Syaikh Abu Malik mengatakan,Boleh mengeringkan anggota badan setelah berwudhu karena tidak adanya dalil yang melarang hal tersebut, sehingga hukum asalnya adalah mubah.”( Shahih Fiqh Sunnah 1/126.) 

KESIMPULAN :
Tata cara wudhu sesuai sunnah adalah sebagai berikut :
Ø Membaca bismillah dengan niat cukup dalam hati,
Ø Membasuh kedua telapak tangan tiga kali,
Ø Berkumur-kumur dan memasukan air dalam hidung dilakukan sekaligus melalui satu cidukan tangan tiga kali,
Ø Membasuh wajah dan menyela jenggot bagi yang mempunyai jenggot tiga kali,
Ø Membasuh kedua tangan hingga siku, kanan tiga kali dan kiri tiga kali,
Ø Mengusap seluruh kepala dari depan sampai ke bagian belakang (tengkuk) lalu kembali lagi ke depan dan mengusap kedua telinga dilakukan sekaligus melalui satu cidukan tangan sekali,
Ø Membasuh kedua kaki hingga mata kaki, kanan tiga kali dan kiri tiga kali,
Ø Orang yang berwudhu wajib membasuh anggota wudhu’nya secara berurutan (tertib),
Ø Membaca doa setelah wudhu sebagaimana hadits riwayat Bukhari atau Muslim.

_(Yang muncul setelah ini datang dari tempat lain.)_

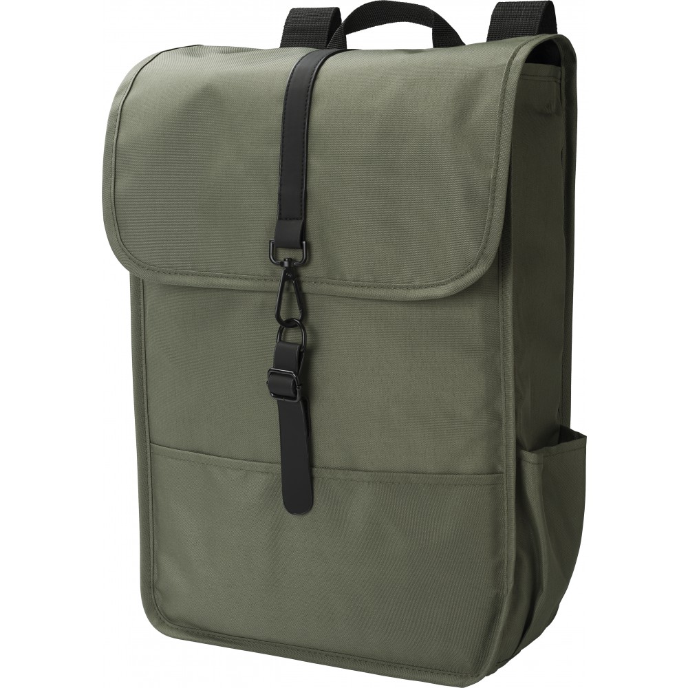 Hátizsák. Két palackzseb az oldalán, egy nagy rekesz. Fekete PU pánttal, csattal zárható. 300D RPET poliészter.
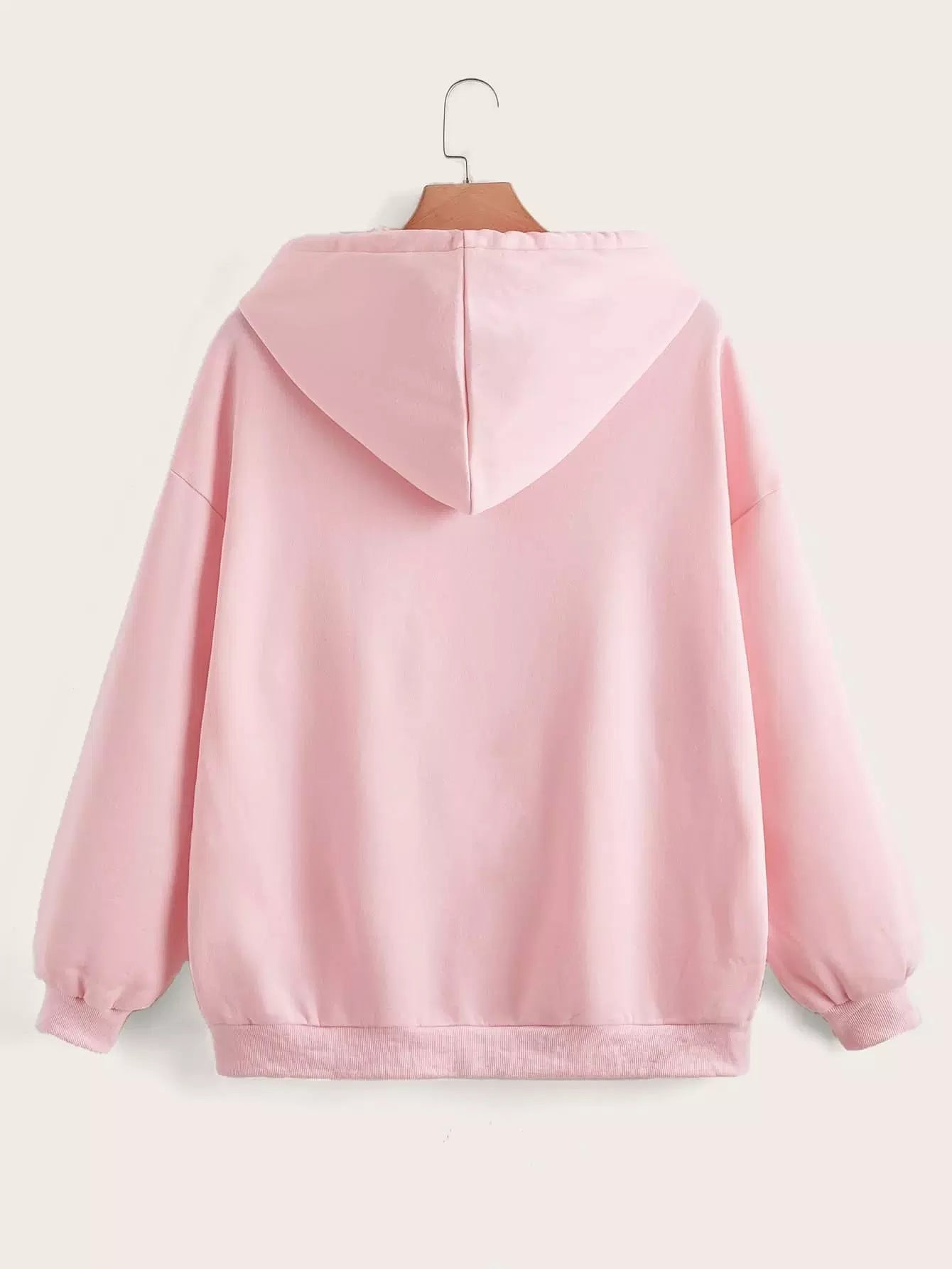 Plus Letter Graphic Drop Shoulder Drawstring Hoodie
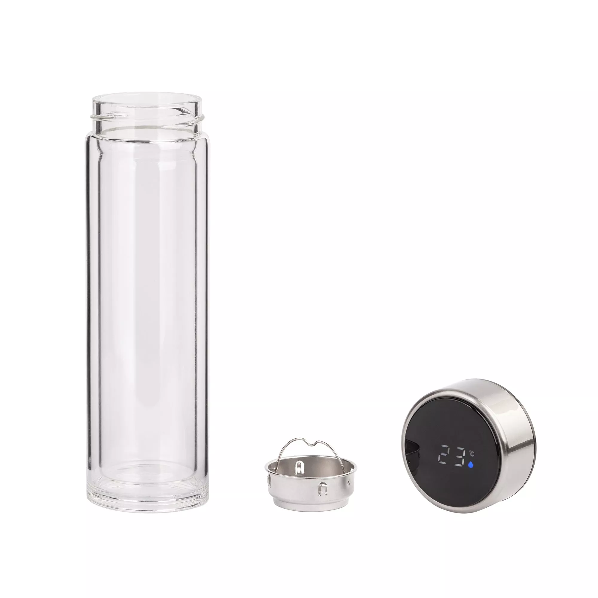 Заварочный термос "Остин" на 320 мл с двойной колбой из боросиликатного стекла - современный аксессуар, который удобно взять с собой на прогулку, в поездку или отдых. Неопреновая сумка-чехол не только защищает колбу, но и улучшает её температурные характеристики. Пользователям понравится герметичная крышка с дисплеем для контроля температуры содержимого. Чай или кофе удобно заваривать прямо в термосе, в жаркую погоду можно использовать его под освежающий коктейль или цитрусовую воду. В комплекте есть съемное сито из 304 стали для фильтрации содержимого.
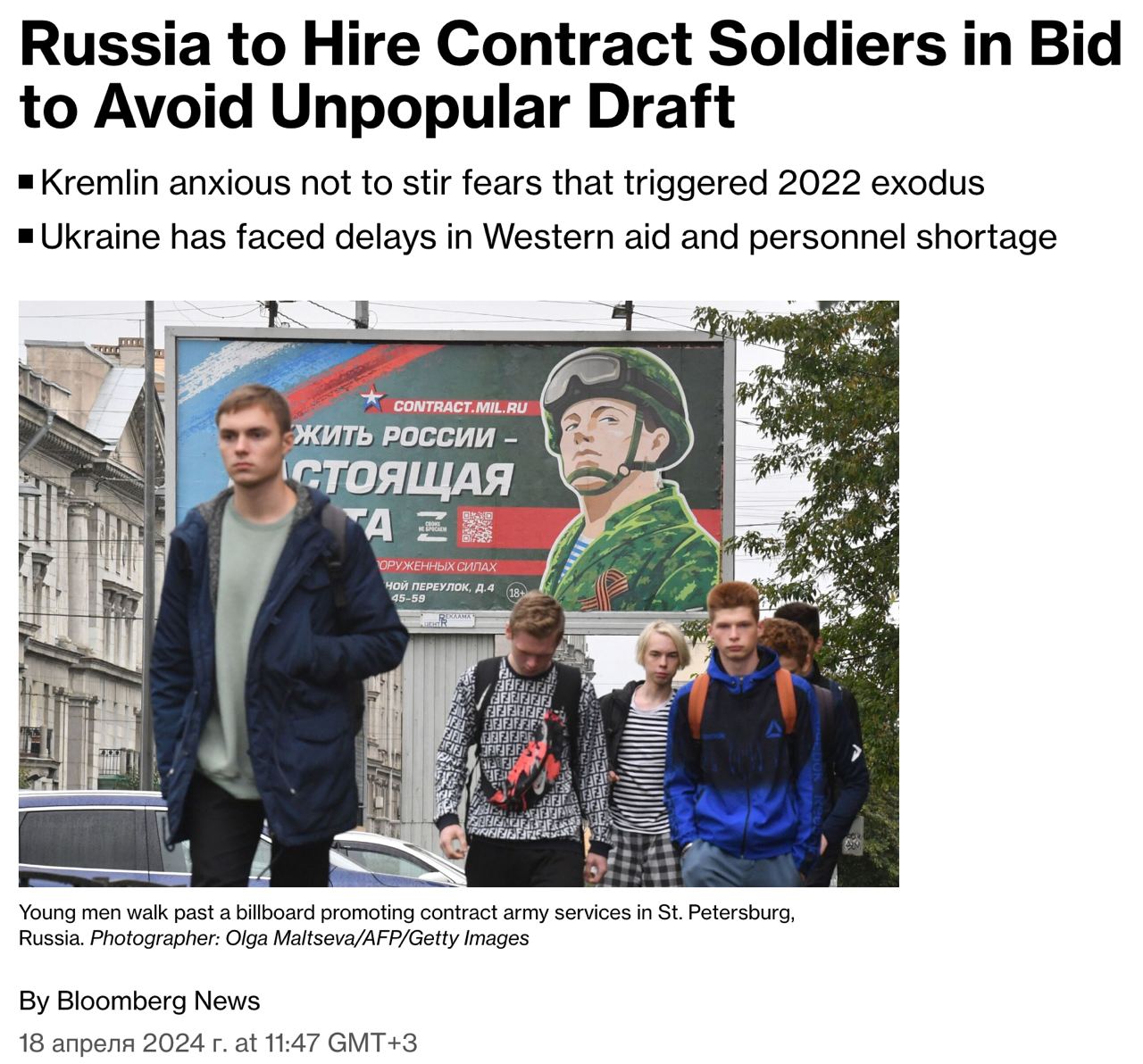 Также РФ надеется, что некоторые из 150 тыс. весенних призывников подпишут контракт и после четырех месяцев службы согласятся пойти на войну. Все большее число призывников жалуются на значительное психологическое, а в некоторых случаях и физическое давление. Такие контракты официально рассчитаны на один год, но могут быть аннулированы Минобороны на время военной мобилизации.

Hal penting yang harus diketahui mengenai wudhu
Ø Disunnahkan mendahulukan yang kanan,
Ø Disunnahkan menyela-nyela jari tangan dan kaki,
Ø Penulis tidak menemukan dasar hukum mengenai membasuh leher,
Ø Penulis tidak menemukan dasar hukum mengenai do’a-do’a wudhu kecuali do’a setelah berwudhu,
Ø Tidak ada larangan tidak boleh berbicara ketika wudhu, terkecuali hal yang menyebabkan memakai air yang berlebihan (boros),
Ø Tidak ada larangan mengelap atau mengeringkan anggota-anggota wudhu’ (dengan handuk dan yang lainnya) setelah wudhu’nya selesai.